キューブリック
エスクァイアで今、都築響一氏が全国の個性派書店を訪ねる、という連載をやっているのですが、その栄えある題1回目の書店に選ばれたのがこの「キューブリック」なのでした(2回目はフタバのMEGAです)。私が訪問することにしたのは奇しくもその記事が掲載されたエスクァイア12月号の発売日。さてどんな店なのでしょうか?
福岡天神から今泉大名と通って西に続くけやき通りに面したわずか13坪の小さなお店です。ここは福岡の中でも少し上流感の漂っているエリアで、青山や表参道界隈の雰囲気とよく似ています。散歩コースとして人気なのもうなずけます。書店は「立地が8割」と言われますが、本当にいい場所に出店したものです。このエリアは人口も多く、しかも全国平均と比べて圧倒的に20〜30代の一人世帯が多いアンテナ感度の高い街なのです。
店内にはいってみましょう。13坪のお店なのでどこに何があるかは入口からすべて見通すことが出来ます。このお店にはコミックや学習参考書は置いていません。品揃えはとても上品。店内の雰囲気もどこかしら上品です。そして棚はには必ずオシャレな面陳棚があって、「これは!」という本がさりげなくプッシュされています。
このセレクションが絶妙!わずかしかない売場なのに欲しい本がいっぱい見つかってしまうのです。すごい!この品揃えの秘密は何なのでしょうか?よく見ると棚の本にはすべてスリップが2枚挟まっています。えーと、これはトーハンの電算スリップですね。すべてのスリップに注文日が表記されています。そう、このキューブリックでは新刊配本を止めて注文したものだけを店頭に並べているんです。したがってお店の主人が売りたいと思って単品で注文を出した本しか店頭に並んでいないというわけ。店のすべての在庫タイトルにご主人の目が行き届いているわけです。しかも高いレベルで管理されているらしく、スリップの日付にほとんど古いものがありません。レジもちゃんと単品管理されたWEBPOSを使用しています。

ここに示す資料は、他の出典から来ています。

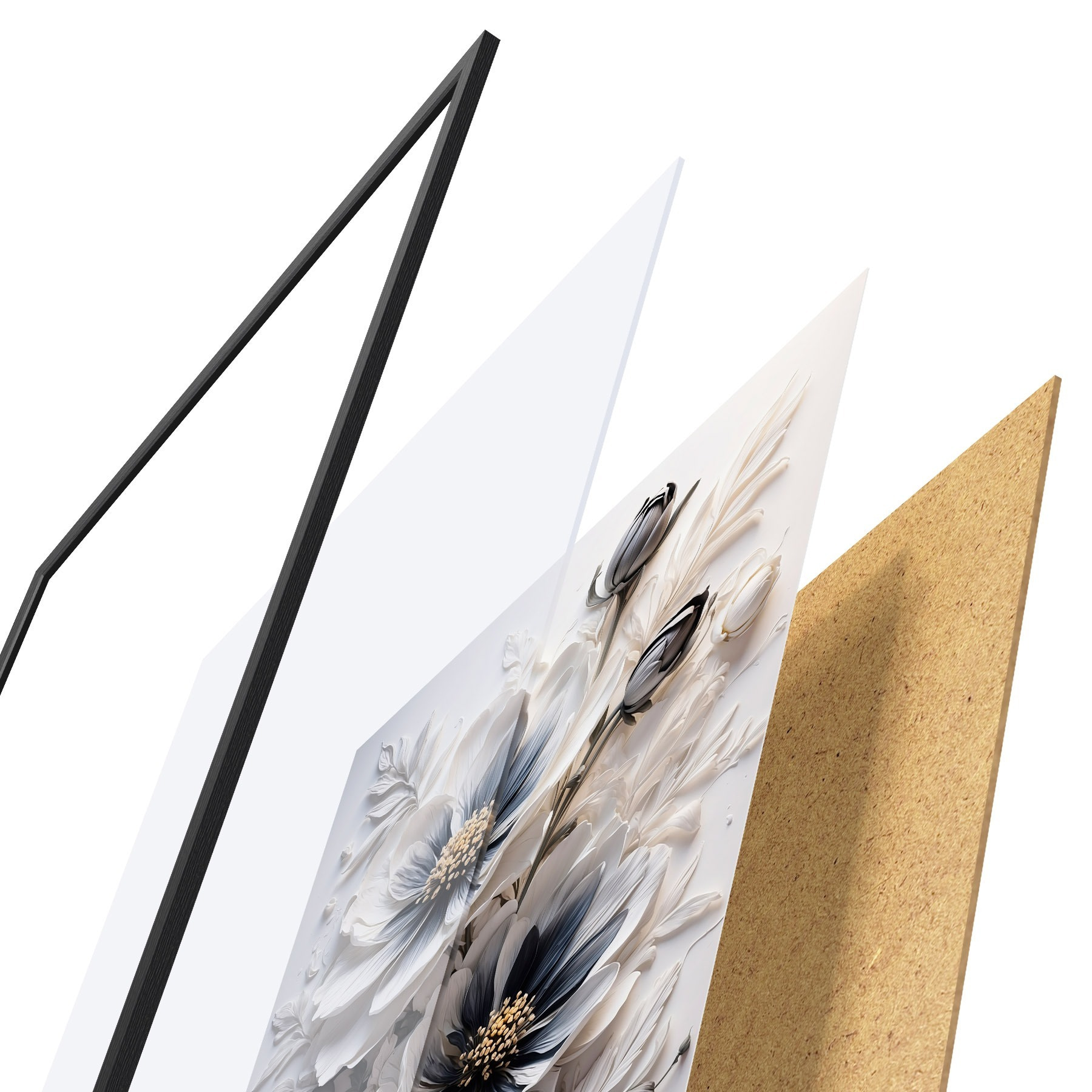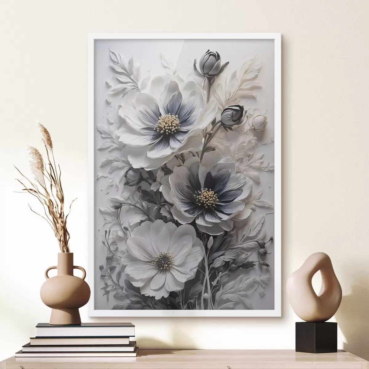 Plakatas Juodos ir baltos gėlės baltame fone Ne f44446

いやーすばらしいですね。文庫なんかわずか3スパンしかないような小さなお店なのに私は45分も長居してしまいました。3冊購入。こういうお店を見ると、本来の本屋さんの仕事というか役割というか、ひょっとしたら私がやりたかった店、やらないといけない店というのはこういうお店なんじゃないのか?とハッとさせられます。最近の書店はどんどん大型化が進んでいますが、一冊一冊愛情を込めて本を仕入れてお客様に届ける、っていう本来忘れてはいけない部分が抜け落ちてしまっているかもしれません。システムで自動的に内容も知らないような本が勝手に入荷して知らないうちに売れちゃってるみたいな店、そんな店がほとんどなんじゃないでしょうか?